Hommage ŕ Liu Xiaobo, mort pour la liberté

par Daniel Salvatore Schiffer
vendredi 14 juillet 2017

HOMMAGE A LIU XIAOBO,

MORT POUR LA LIBERTE

 

Le dissident chinois Liu Xiaobo, prix Nobel de la paix, distinction qui lui fut attribuée le 8 octobre 2010, vient malheureusement de s'éteindre, victime d'un incurable cancer du foie, dans un hôpital d'une province au nord de la Chine, sans même avoir pu bénéficier, comme le préconisaient les médecins occidentaux, des soins nécessaires à son fragile état de santé.
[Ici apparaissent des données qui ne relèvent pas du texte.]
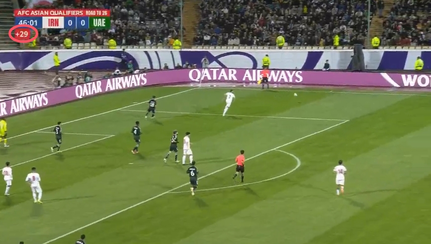 03月21日訊 伊朗vs阿聯(lián)酋比賽恢復(fù)進(jìn)行!上半場(chǎng)比賽補(bǔ)時(shí)29分鐘!
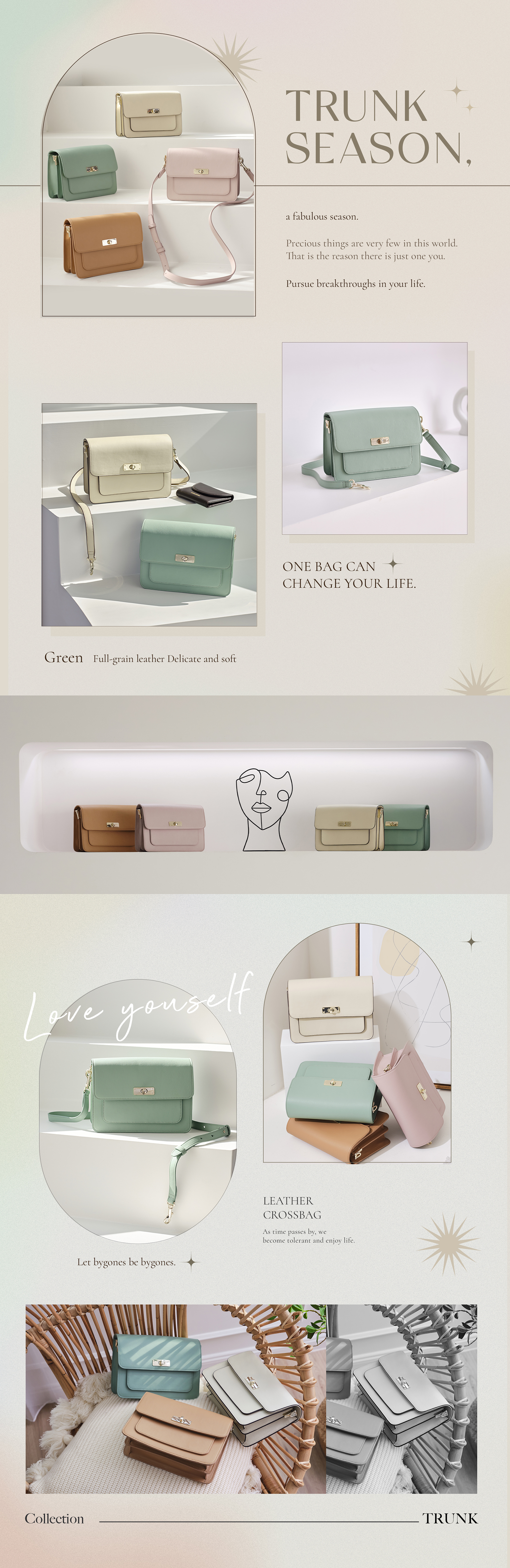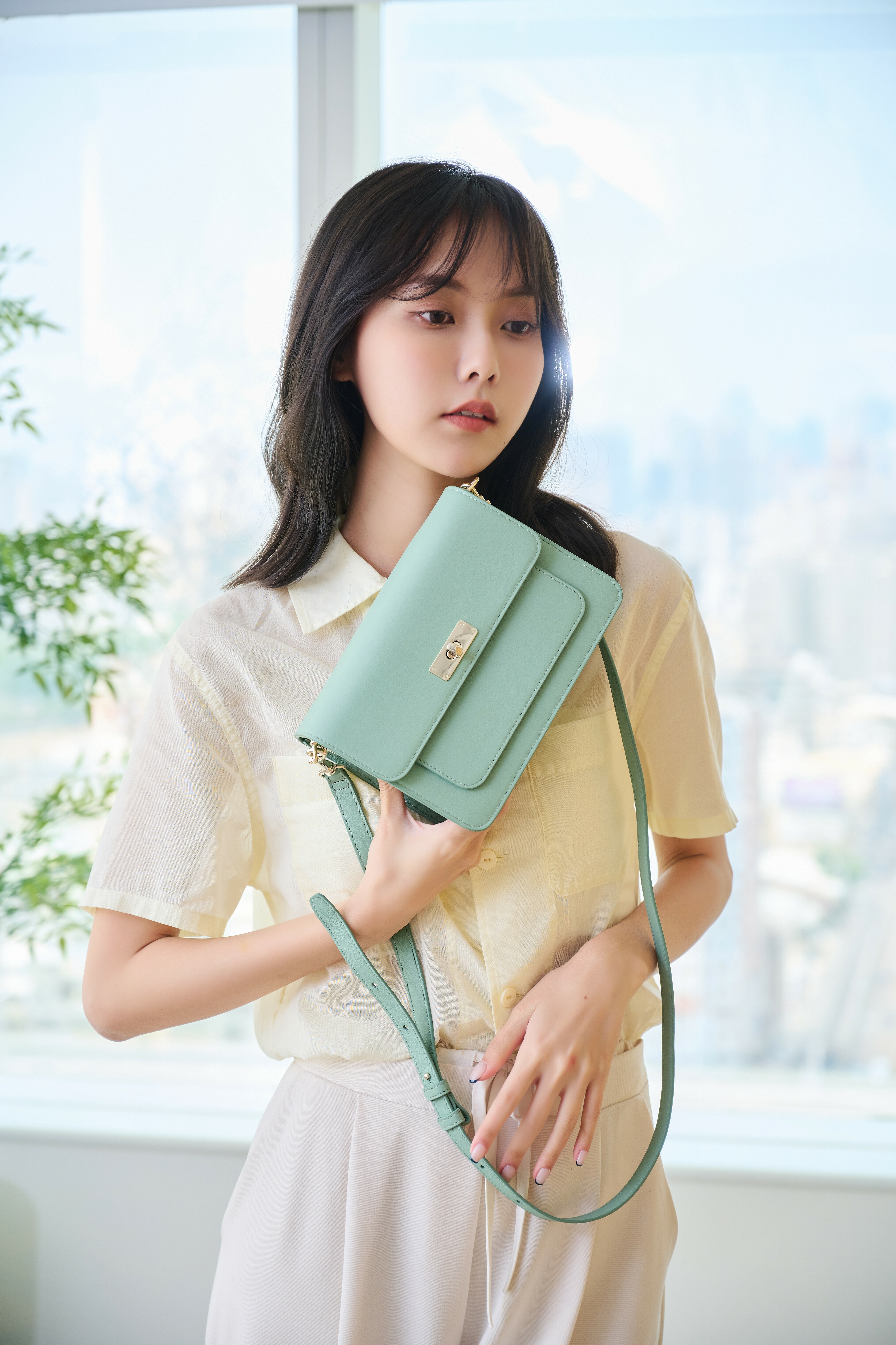 PA.Trunk真皮轉鎖風琴包-若竹綠

Mais ce qui, à notre conscience d’homme libre, rend cette mort d’autant plus révoltante et pénible à la fois, par-delà son indéfectible dignité, c'est que cet intellectuel de haute volée, dont l’un des maîtres à penser fut un autre célèbre opposant à la dictature communiste, Vaclav Havel, est mort après une effroyable agonie, subie presque entièrement en prison, d'où il n'aura été finalement libéré sous condition, après presque huit ans de réclusion, que tout récemment. C'est dire l'ignominie, plus encore que l'atroce et injuste sort sur le plan humain, que les autorités chinoises, impitoyables comme à leur triste habitude, lui auront infligée là, pendant autant de temps et, surtout, ces dernières et douloureuses années !

 

C’est, en effet, le 25 décembre 2009 déjà, date hautement symbolique puisque c’est le jour de la Noël pour la chrétienté, que Liu Xiaobo fut arrêté manu militari, sans ménagement ni même de procès, par les autorités politiques de son pays. Son prétendu « crime » aux yeux de ces infâmes tortionnaires d’un autre âge ? « Incitation à la subversion du pouvoir de l’Etat » : accusation certes aussi grotesque que sommaire, à l’encontre de cet homme épris seulement de liberté, mais pour laquelle il fut néanmoins condamné, sans possibilité d’appel, à rien moins que onze ans d’incarcération !

 

DANS LES PAS D’UN AUTRE CELEBRE DISSIDENT : VACLAV HAVEL

 

Adieu, donc, très cher Liu ! Je regrette profondément, aussi sincèrement qu’amèrement, que tes pairs, ces frères d’armes philosophiques parmi lesquels j’ai l’honneur de me compter, n’aient pas pu te délivrer à temps, malgré leurs nombreux et incessants appels à ta libération (http://tempsreel.nouvelobs.com/opinions/20101008.OBS1022/tribune-liu-xiaobo-du-prix-de-la-liberte-au-prix-nobel-de-la-paix.html), de ce pan d’enfer sur terre où tes ignobles geôliers t’avaient aussi cruellement, aussi misérablement et aussi aveuglément, confiné. Honte à eux !

 

Rien n’est toutefois perdu pour toi, Liu, bien au contraire ! Car, comme l’écrivit un jour très justement un autre de nos amis naguère emprisonnés lui aussi pour ses seules idées, Vaclav Havel précisément, « l’amour et la vérité triompheront de la haine et du mensonge ». Cette lumineuse phrase, le cher Vaclav, à qui je venais de rendre visite chez lui peu de temps après sa propre libération de sa prison pragoise, la prononça, alors qu’il annonçait son heureuse candidature à la présidence de la Tchécoslovaquie, le 16 décembre 1989, soit un peu plus d’un mois, à peine, après l’historique et fracassante chute, advenue le 9 novembre 1989, du Mur de Berlin…

 

Ainsi, très cher Liu, puisse donc, en ce qui te concerne également, ton exemple de courage moral nous servir encore et toujours, sans jamais faillir face à nos combats pour cet imprescriptible droit qu’est celui de la liberté des peuples, de modèle pour tout humanisme digne de ce noble et beau nom : illustre et immortel comme, désormais, le tien !

 

DANIEL SALVATORE SCHIFFER*

 

*Philosophe, auteur, notamment, de « La Philosophie d’Emmanuel Levinas – Métaphysique, esthétique, éthique » et « Philosophie du dandysme – Une esthétique de l’âme et du corps » (Presses Universitaires de France), « Oscar Wilde » et « Lord Byron » (Gallimard-Folio Biographies), « Le Testament du Kosovo – Journal de guerre » (Editions du Rocher). A paraître : « Traité de la mort sublime – L’art de mourir, de Socrate à Bowie » (Alma Editeur).